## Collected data
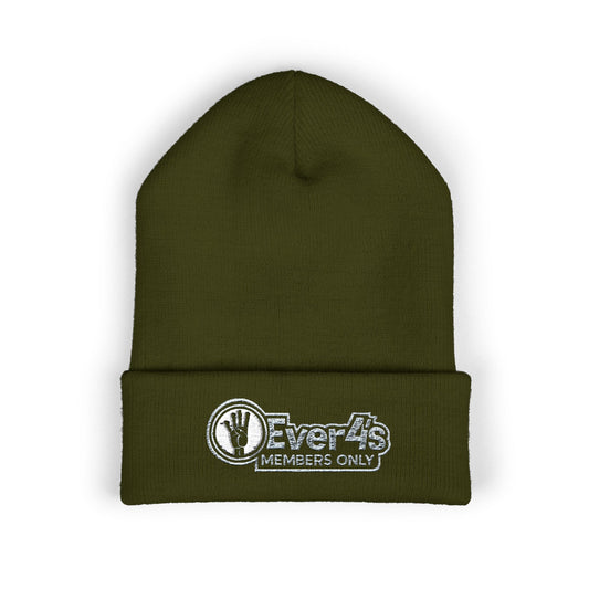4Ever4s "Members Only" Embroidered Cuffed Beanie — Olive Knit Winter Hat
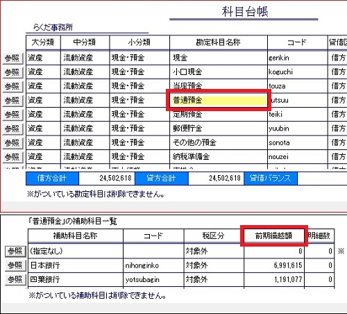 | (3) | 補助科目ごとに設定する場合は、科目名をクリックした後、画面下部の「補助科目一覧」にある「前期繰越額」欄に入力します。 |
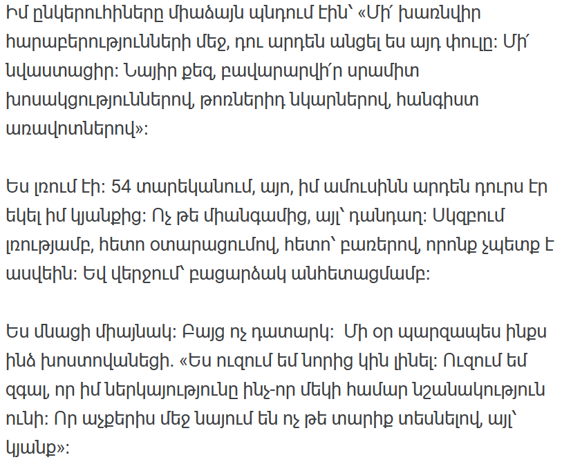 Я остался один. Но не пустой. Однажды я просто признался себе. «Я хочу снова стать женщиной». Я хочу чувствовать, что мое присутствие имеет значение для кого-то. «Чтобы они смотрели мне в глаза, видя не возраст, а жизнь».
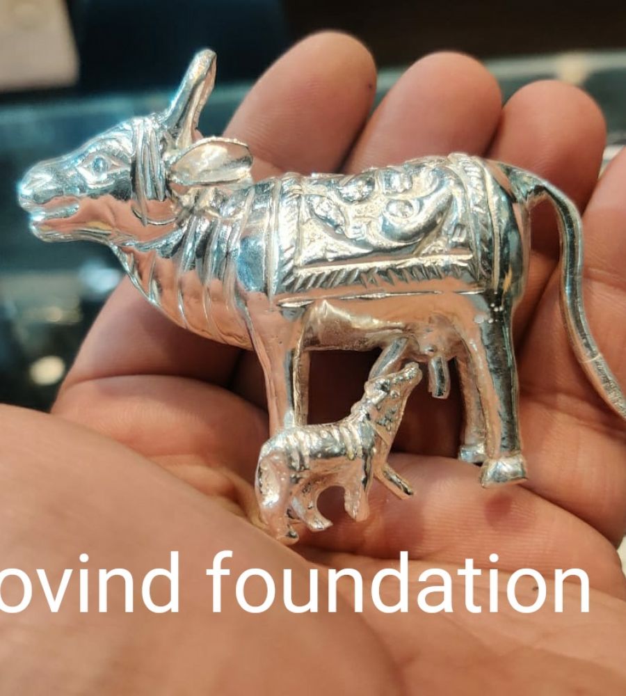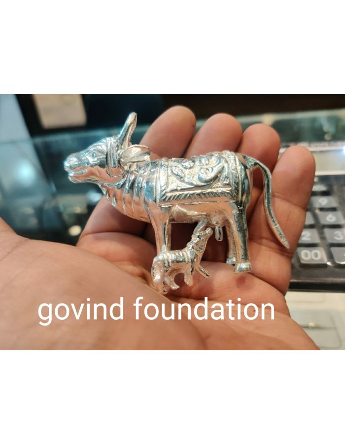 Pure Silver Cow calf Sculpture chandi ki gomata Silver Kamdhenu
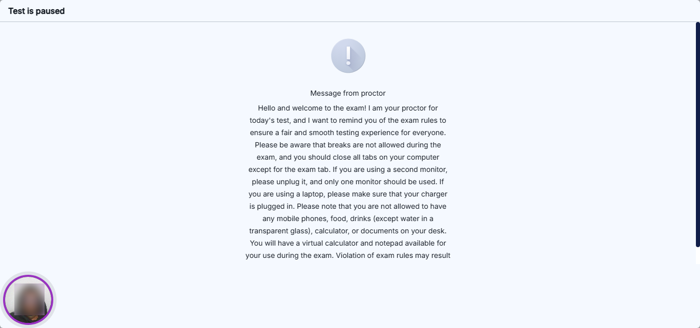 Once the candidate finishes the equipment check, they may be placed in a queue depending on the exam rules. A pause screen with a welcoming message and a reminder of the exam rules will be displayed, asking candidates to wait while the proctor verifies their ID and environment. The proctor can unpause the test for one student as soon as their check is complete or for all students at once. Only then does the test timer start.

## What the task requires
How would the lines above read from the one with "Я остался один." to the one with "Pure Silver Cow", inclusive, with no pictures? Write them out exactly.

## Task response
 Я остался один. Но не пустой. Однажды я просто признался себе. «Я хочу снова стать женщиной». Я хочу чувствовать, что мое присутствие имеет значение для кого-то. «Чтобы они смотрели мне в глаза, видя не возраст, а жизнь».
 Pure Silver Cow calf Sculpture chandi ki gomata Silver Kamdhenu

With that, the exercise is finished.